An Early Earth study on ancient magmatic rocks has raised questions about the processes that shaped continents and distributed metals between 4 and 2.5 billion years ago.The study reveals that Earth’s continental crust started evolving an unexpected 300 million years earlier than previously understood, in a process identified for the first time.
Most of the continental crust on Earth is believed to have formed between 4 to 2.5 billion years ago, known as the Archaean Eon among geologists. Intense and long-lasting volcanic action at that time formed a proto-crust that would have broadly resembled today’s oceanic crust.
In a study published in GeoScience Frontiers, Geology researchers from the University of Johannesburg show that Earth’s continental crust started evolving, or differentiating, 300 million years earlier than previously understood.
“The Earth developed from a seething mass of magma, which is molten rock, to the habitable planet we know now. The traditional view saw crust formation broadly as a process in three phases. However, the new results indicate that several cycles of thickening and melting of the proto-crust produced further magmas, each with a different composition. So the Earth’s crust differentiation was far earlier and more complex than what was traditionally believed,” says co-author Marlina Elburg.
“This process of crust differentiation is a fundamental step in the history of the Earth, which eventually led to formation of continents, the distribution of base and precious metals, and setting the stage for the development of life on land,” adds Elburg.
The traditional approach
To estimate when the Earth’s crust started forming, previous researchers relied on analysing rocks that formed deep in the Earth’s continental crust from magma slowly cooling and crystallising, called plutons.
It was possible to do that because plutons are now exposed on the surface of the Earth. After plutons were formed, the rocks that formed above them in shallower portions of the crust, were removed by billions of years of destructive geological processes.
Previous linear understanding of crust formation
Using this traditional approach, previous researchers described the process of Earth’s crust differentiation broadly in three phases.
The first phase was understood as a time of volcanic activity that produced magnesium (Mg)-rich rocks, known as komatiites and basalts.
In the second phase 3.5-3.2 billion years ago, the magnesium (Mg)-rich rocks melted to yield silica (Si) - and sodium (Na)-rich plutons, a series of rocks collectively known as TTG in geology terms.
In a third phase starting at 3.2 billion years ago, partial melting of the TTG rocks yielded silica(Si)- and potassium(K)-rich rocks, called GMS.
This scenario envisages a linear geochemical development of the Earth’s crust over time, with the concentrations of silica (Si) and potassium (K) increasing in younger rocks.

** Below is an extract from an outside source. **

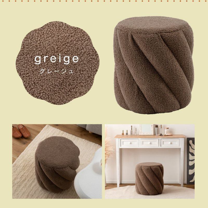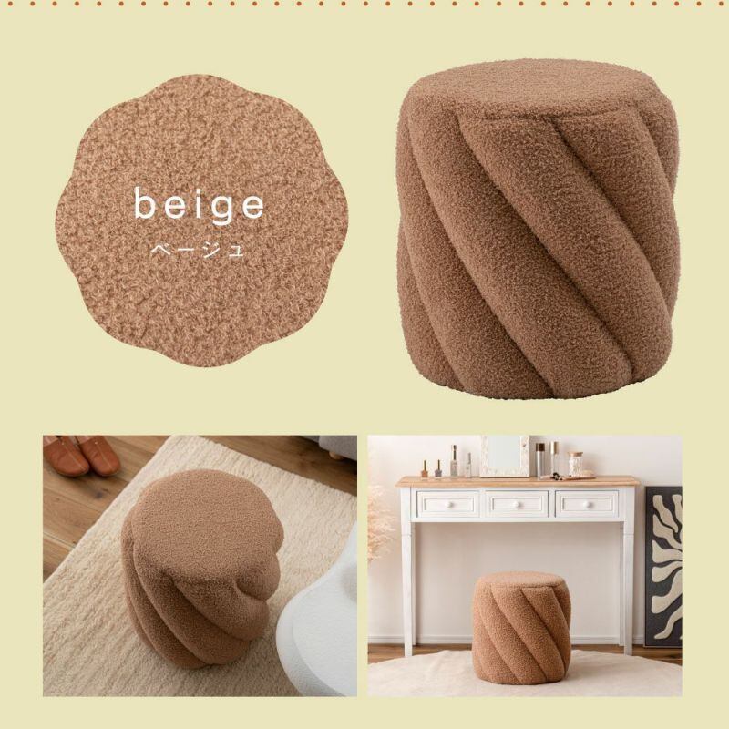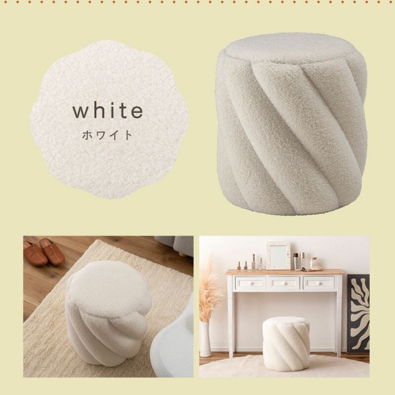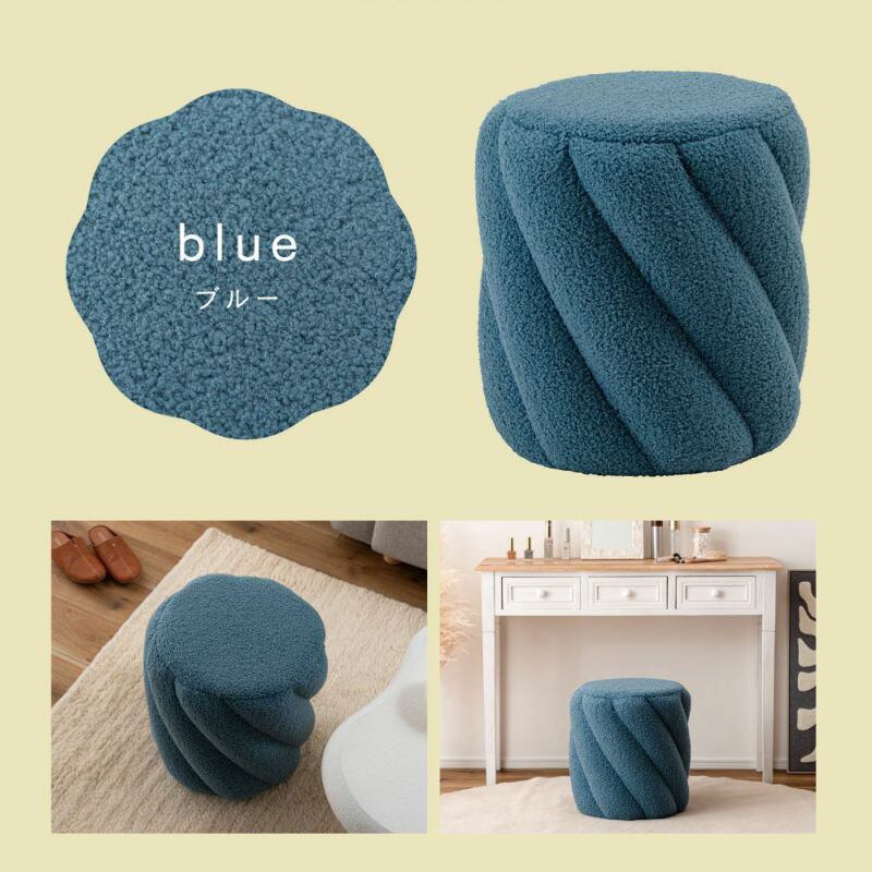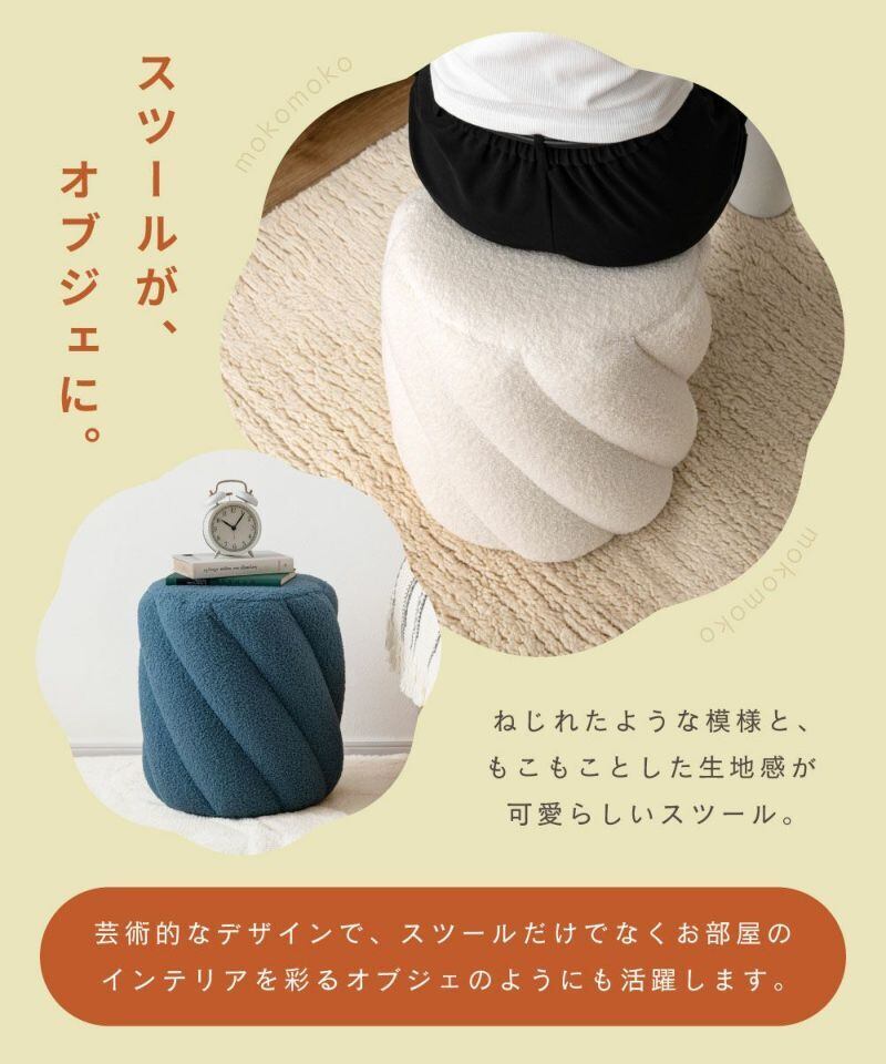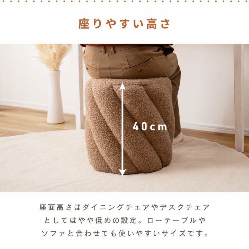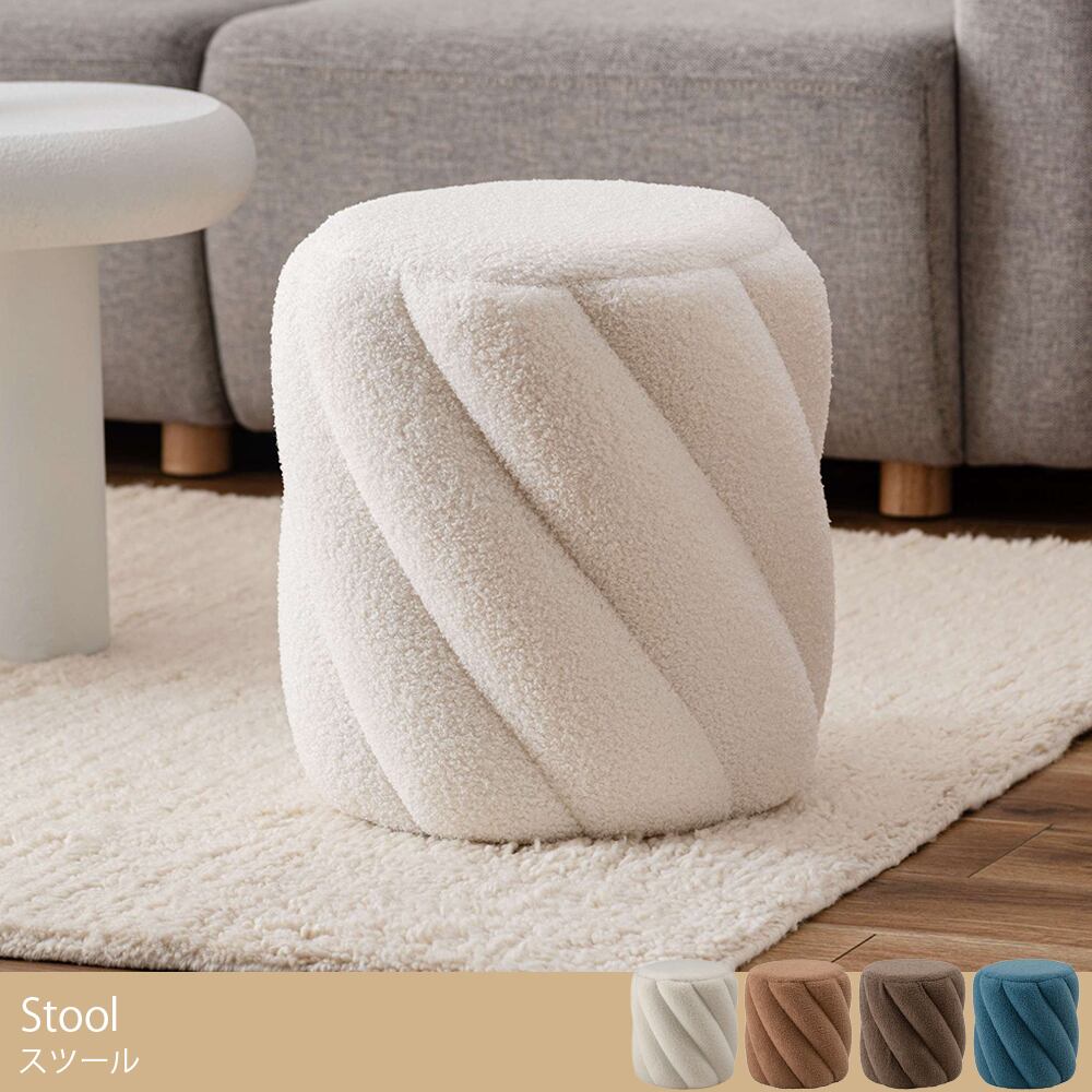 ねじれたような模様と、もこもことした生地感が可愛らしいスツール

Ancient eruption fragments analysed
The new research from the University of Johannesburg shows that the traditional approach has given us a biased view of the geochemical development of the earth – and an inaccurate estimate for when this happened, says co-author Axel Hofmann.

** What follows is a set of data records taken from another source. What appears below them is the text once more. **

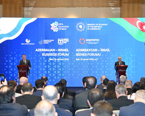Bakıda Azərbaycan-İsrail biznes forumu keçirilib. Tədbirdə hər iki ölkədən rəsmi şəxslərlə yanaşı, sənaye, tikinti, əczaçılıq, kənd təsərrüfatı, texnologiyalar, su təchizatı və idarəçiliyi, nəqliyyat-logistika, kibertəhlükəsizlik, bankçılıq, turizm və digər sahələrdə fəaliyyət göstərən 100-dən çox şirkət nümayəndəsi iştirak edib.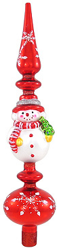 This happy snowman glass tree topper is proud to watch over your Christmas tree this year. Dazzling with sparkling snowflakes, this eye-catching red topper is crafted of glass with an opening in the base for your tree top.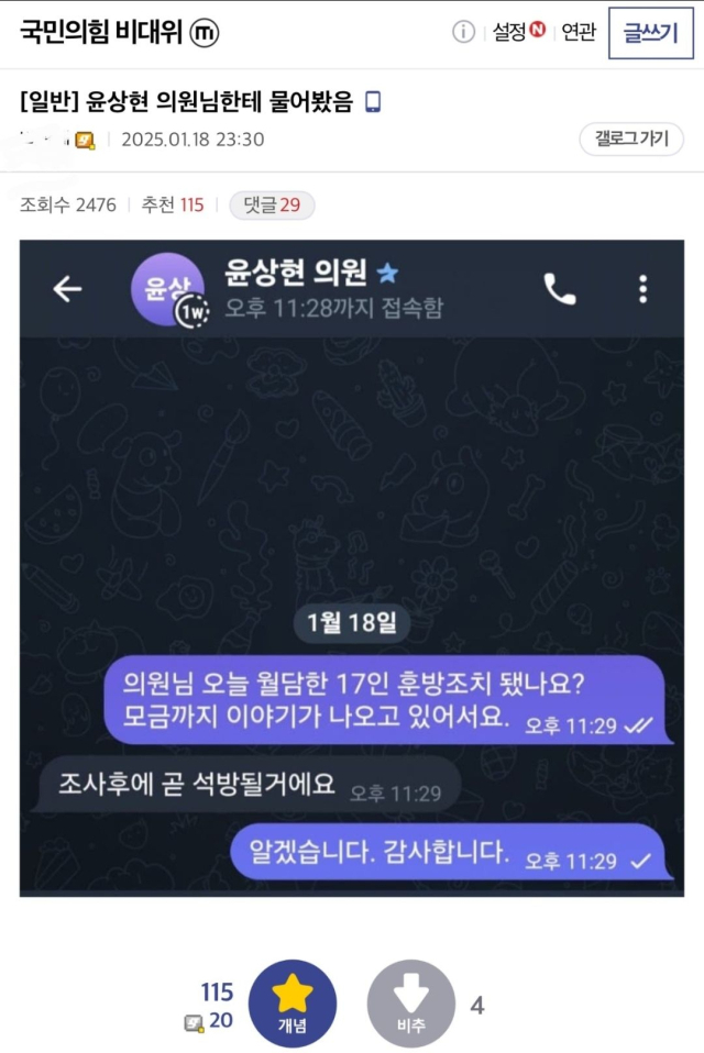 이에 윤 의원은 역시 "조사 후 곧 석방될 거예요"라고 답했다.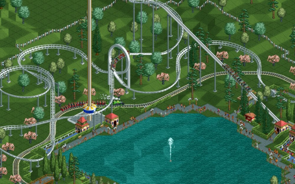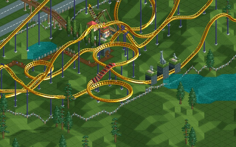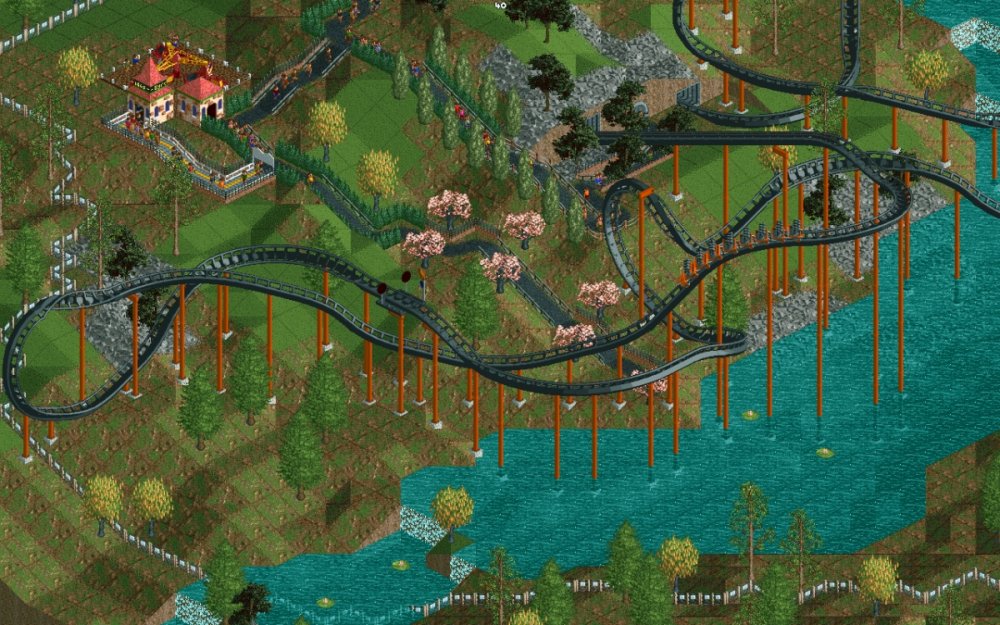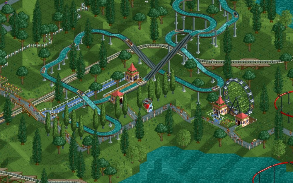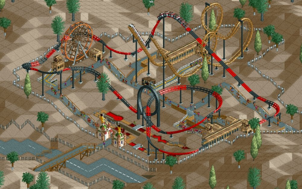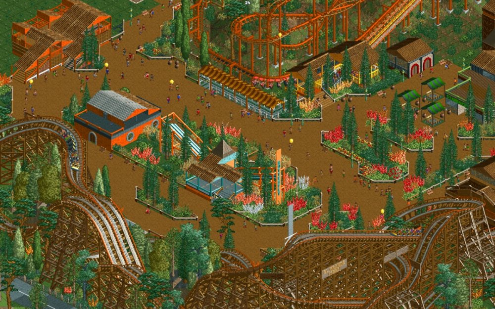Hello everyone! This is my first thread along the lines of roller coaster games. Some may know me, and some may know that I've tried many times to finish a park like this, and it seemed to lose me inspiration. So, I've decided, this time, #11,00, to finish something and make people happy. Like Terry inferno's Brookwood Gardens, this will have narration and will be continuously edited week/by/week. **El Grande** - 1987 In the mid stage of this park's life, around 1985, plans for a new area arose. It was foretold to bring many new interesting rides and attractions. The park officials took a poll on opening day to see whether a general theme for this area would come to coherce. Opening day saw thousands of park daredevils and little coaster enthusiasts to the park. At the time, four roller coasters existed along with many attractions. Off of one of them, you could see the vast expanse This would arise four choices for the new area. Thousands would come from all over the world. At the end of the season, the poll votes were tallied up and the four choices and it was shown that option number 3 - a spanish themed area, would be the park's new themed area. Statistiques were received and 25% of the votes would go to each theme. Spanish with 24,798 would win by just over a hundred more than a rome themed area. In early 1986, vast amounts of rumors befell the park as a new roller coaster had begun to go up. Many speculated on what it would be, and a few were right. CCI, or Custom Coasters International, had contracted the park the plans for a large wooden coaster to go up in the corner. It was suggested that the coaster be above 3,500ft and 110ft tall to outdance the four coasters at the park. Soon in August of 1986, the coaster's layout had been decided and the work had begun. It wasn't very long before a name would come out of dust to name this behemoth wooden coaster. Another poll was taken among several names for the wooden coaster including "Nitro," Behemoth," "Titan," "El Grande," and "Suedo." It was quickly realized that El Grande would be the name. Opening day, on May 5th, 1987, El Grande would open to the public. A record amount of people showed up bringing the most on record from the park from 13,400, to 17,800. Sadly, the only pictures of the behemoth prior to El Grande's change of paint do not exist after the fire that burned down the park's picture chamber. **Butterfly** Along with El Grande, opening day saw one more attraction to the park. Something called a "Sunkin Heedge Gmbh" was added. While the overall reviews were good, the small attraction dubbed 'Butterfly' now has a very small reputation. _______________________________________________________________________________________________________ More to come soon!

“We took existing data about volcanic rocks and analysed fragments of rocks within 2 km of the surface which formed when magma crystallised and solidified (shallow intrusive rocks) and combined that with data from better-known plutons. We also sampled fragments of magmatic rocks high in feldspar and quartz (felsic rock) formed during ancient erosion events and preserved as cobbles in a conglomerate,” adds Hofmann.
In this way, the team could assess how the chemistry of magmatic rocks on the Kaapvaal craton of southern Africa changed in the period 3.6 to 3.2 billion years ago.
“What we found is that potassium (K)-rich granitic rocks, which were thought to only become an important part of the earth’s crust around 3.2 billion years ago, were already forming 300 million years earlier, from 3.5 billion years ago, says Elburg.
“Also, at 3.5 billion years ago, the shallow crust already contained copious amounts of high-potassium(K) rocks, in contrast with the traditional understanding of crust formation,” she adds .
The results give a more complete account of the composition and internal structure of the continental crust in the Archaean and throws a new light on the Earth’s geochemical development.
Crust formation not so simple after all
The new understanding is that the Palaeoarchaean continental crust was vertically zoned, with most of potassium (K)-rich magmatic rocks concentrated in its shallow portions and the sodic (Na) rocks concentrated at deeper levels.
After formation of the continent was complete, this shallow, potassium (K)-rich level of the crust was subsequently largely lost to erosion, but pebbles of these high-potassium (K) rocks can still be found in younger sedimentary rocks.
The new findings have important implications for the processes that played a role in the development and stabilisation of continents, as low-density high-silica (Si) rocks such as those of the GMS suite are more likely to form stable cratons.
At the same time, this transfer of elements towards the shallow crust may have also affected the distribution of base and precious metals, with strong implications on Archaean mineralisation processes.
The full implications of the research results, particularly for understanding the processes that formed continents and distributed base and precious metals between 4 billion and 2.5 billion years ago, need to be considered carefully.
“Metals such as gold, silver and copper are expected to have been affected by the same processes that concentrated sodium and potassium in the upper crust. However, further research will be needed to investigate this important implication of our study and to understand whether these metals could have been concentrated to the extent of forming an ore deposit”, says co-author Andrea Agangi.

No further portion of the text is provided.